Magnetic Fe₃O₄ nanoparticles were prepared using a coprecipitation method. The appearance, structure, phase composition, functional groups, surface charge, magnetic susceptibility, and release in vitro were characterized by transmission electron microscopy, x-ray diffraction, scanning electron microscopy-energy dispersive x-ray spectroscopy, and a vibrating sample magnetometer. Blood toxicity, in vitro toxicity, and genotoxicity were investigated. Therapeutic effects were evaluated by MTT [3-(4, 5-dimethyl-2-thiazolyl)-2, 5-diphenyl-2H-tetrazolium bromide] and flow cytometry assays.

Results

Transmission electron microscopy revealed that the shapes of the Fe₃O₄ nanoparticles were approximately spherical, with diameters of about 26.1 ± 5.2 nm. Only the spinel phase was indicated in a comparison of the x-ray diffraction data with Joint Corporation of Powder Diffraction Standards (JCPDS) X-ray powder diffraction files. The O-to-Fe ratio of the Fe₃O₄ was determined by scanning electron microscopy-energy dispersive x-ray spectroscopy elemental analysis, and approximated pure Fe₃O₄. The vibrating sample magnetometer hysteresis loop suggested that the Fe₃O₄ nanoparticles were superparamagnetic at room temperature. MTT experiments showed that the toxicity of the material in mouse fibroblast (L-929) cell lines was between Grade 0 to Grade 1, and that the material lacked hemolysis activity. The acute toxicity (LD₅₀) was 8.39 g/kg. Micronucleus testing showed no genotoxic effects. Pathomorphology and blood biochemistry testing demonstrated that the Fe₃O₄ nanoparticles had no effect on the main organs and blood biochemistry in a rabbit model. MTT and flow cytometry assays revealed that Fe₃O₄ nano magnetofluid thermotherapy inhibited MCF-7 cell proliferation, and its inhibitory effect was dose-dependent according to the Fe₃O₄ nano magnetofluid concentration.

Conclusion

The Fe₃O₄ nanoparticles prepared in this study have good biocompatibility and are suitable for further application in tumor hyperthermia.

Keywords:

• characterization
• biocompatibility
• Fe₃O₄
• magnetic nanoparticles
• hyperthermia

Introduction

A nanomaterial is a substance that has at least one dimension at the nanolevel (usually 0.1–100 nm). Because of their size distribution, nanomaterials have special surface, size, and macroscopic quantum tunneling effects, and have been used in numerous fields, such as mechanics, electricity, optics, magnetics, and catalysis. Magnetic nanomaterials are of particular interest, and have permeated into various fields of biological medicine, including as drug carriers and biological molecular probes. They have played important roles in the treatment of malignant tumors,¹ in which an alternating magnetic field is used to heat up magnetic nanomaterials and thereby kill targeted tumor cells. Jordan first proposed magnetic fluid hyperthermia technology based on this principle.^2,3 The advent of magnetic fluid hyperthermia technology and the continuous innovation and development of related equipment and technologies has brought new vitality to traditional tumor thermotherapy. Some limitations of conventional heating technology have been overcome by magnetic fluid hyperthermia, ie, the heating temperature can be controlled, and the surfaces of the magnetic nanomaterials can be modified to avoid killing normal cells while selectively destroying tumor cells.
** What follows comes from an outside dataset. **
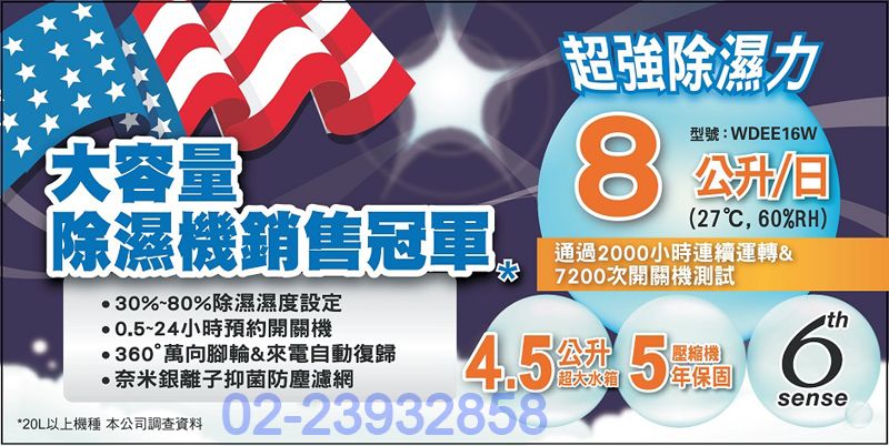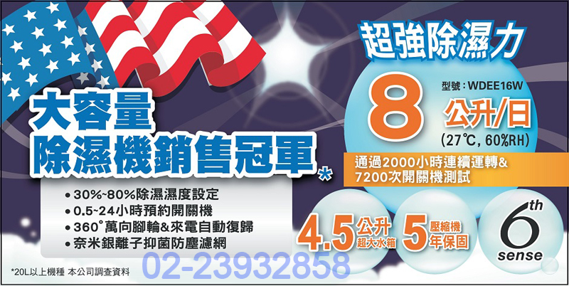 | WDEE16W特價元(含稅我們祥銘貿易給發票、含運送、樓層搬運) 全台運送,偏遠地區運費另議請先詢問,謝謝您! Whirlpool惠而浦8公升除濕機型號WDEE16W WDEE16W商品規格 WDEE16W每日除濕能力:1日8公升(室溫27℃,相對溼度60%的環境下) ‧ 濕度可調整30%~80%除濕濕度設定 ‧ 0.5~24小時預約開關機 WDEE16W尺寸:寬356 x 深288 x 高505mm ‧ 色彩:典雅白 ‧ 水箱容量:4.5公升 ‧ 出風方式:上吹式 ‧ 出風量(cfm):H150 / L130 ‧ 適用溫度:5~35℃ ‧ 電源:115V / 60 Hz ‧ 噪音:48dBA ‧ 重量:13.7公斤 ‧ 產地:中國 ‧ 冷媒:R410A ‧ 機能種類:B式 ‧ 適用空間:~11坪 ‧ 消耗電功率:198W ‧ 能源因數值(EF):1.68 ‧ 國家能源效率認證:4級 WDEE16W商品特色 ‧ 30%~80%除濕濕度設定 ‧ 人體適濕 ‧ 風速選擇(高,低,自動) ‧ 360度萬向腳輪 我們祥銘貿易 ‧ 來電自動復歸 ‧ 奈米銀離子抑菌防塵濾網 ‧ IPX1防滴水保護,用於乾燥潮濕衣物時最安心 ‧ 九項高規格安全裝置 ‧ 通過2000小時連續運轉及7200次開關機測試 ‧ 超大按鍵 ‧ 連續排水 我們祥銘貿易 ‧ 上出風口,乾燥衣物更快速 全機保固1年 冷媒系統保固3年 壓縮機保固5年 本我們祥銘貿易網頁的產品規格內容和圖檔僅供參考,若有錯誤或更改,以原廠實際產品為準! 網路與門市一同販售,下標購買前請先詢問我們祥銘貿易是否還有貨,避免雙方交易糾紛,如遇商品缺貨可預購,貨進口到台灣就可以馬上送到您府上,感謝您,祝交易愉快^_^ 販售全型號惠而浦商品,歡迎來電(店)我們祥銘貿易詢價 小家電(除濕機、空氣清淨機、吸塵器...等等),外縣市我們祥銘貿易委託物流寄送,買後如需退貨,我們祥銘貿易會先請物流將貨物收回,再將貨款退回給您,同意者再下標訂購,謝謝 |

Currently, superparamagnetic ferric oxide nanoparticles represented by Fe₃O₄, γ-Fe₂O₃, and CO-Fe₂O₄ ^4,5 are the most promising magnetic nanomaterials. The research described herein used a modified chemical coprecipitation method to prepare high-purity superparamagnetic ferric oxide (Fe₃O₄) nanoparticles, characterize them, and evaluate their biocompatibility and suitability for the treatment of tumors.

Materials and methods

Instruments and materials

L-929 cells were provided by the Institute of Biochemistry and Cell Biology, Shanghai Institute of Biological Sciences, Chinese Academy of Sciences. MTT [3-(4, 5-dimethyl-2- thiazolyl)-2, 5-diphenyl-2H-tetrazolium bromide] was purchased from Sigma (St Louis, MO), and diluted to 5 mg/mL using D-Hanks liquid. RPMI 1640 medium and fetal calf serum were obtained from Gibco (Grand Island, NY). Dimethyl sulfoxide and Giemsa stain were purchased from Sigma. Cytoxan was acquired from Hen-Rui Co, Ltd (Jiangsu, China).

Elemental analysis was performed using scanning electron microscopy-energy dispersive x-ray spectroscopy (SEM-EDS, EDAX 9100; EDAX International, Prairie View, IL). X-ray diffraction data were collected using an XD-D1 x-ray diffractometer (Shimadzu, Kyoto, Japan) with Cu-Kα radiation (λ = 0.154 nm) at 40 kV and 30 mA. Transmission electron microscopy (TEM, model JSM- 6360LV; JEOL, Tokyo, Japan) was operated at 200 kV to observe the morphology and sizes of the particle samples. A Thermo Noran Vantage (Thermo Scientific, Waltham, MA) energy-dispersive spectrometer was used. Temperatures were measured with a digital thermometer (TM902C, Shenzhen Jingtengwei Industrial Co, Ltd, Shenzhen, China). A high-frequency magnetic induction heating device (SPG- 06A, 230 kHz frequency, 5 to 30 A output alternating heating current) was provided by Shenzhen Shuangping High- Frequency Heater Factory (Shenzhen, China).

Experimental animals

New Zealand rabbits and Kunming mice were purchased from Shanghai Laboratory Animal Inc (Shanghai, China). The laboratory animal facility was maintained on a 12-hour light/dark cycle at a temperature of 20°C–22°C with a relative humidity of 20%–50%. All animal experiments were carried out in compliance with the national laws related to the conduct of animal experimentation.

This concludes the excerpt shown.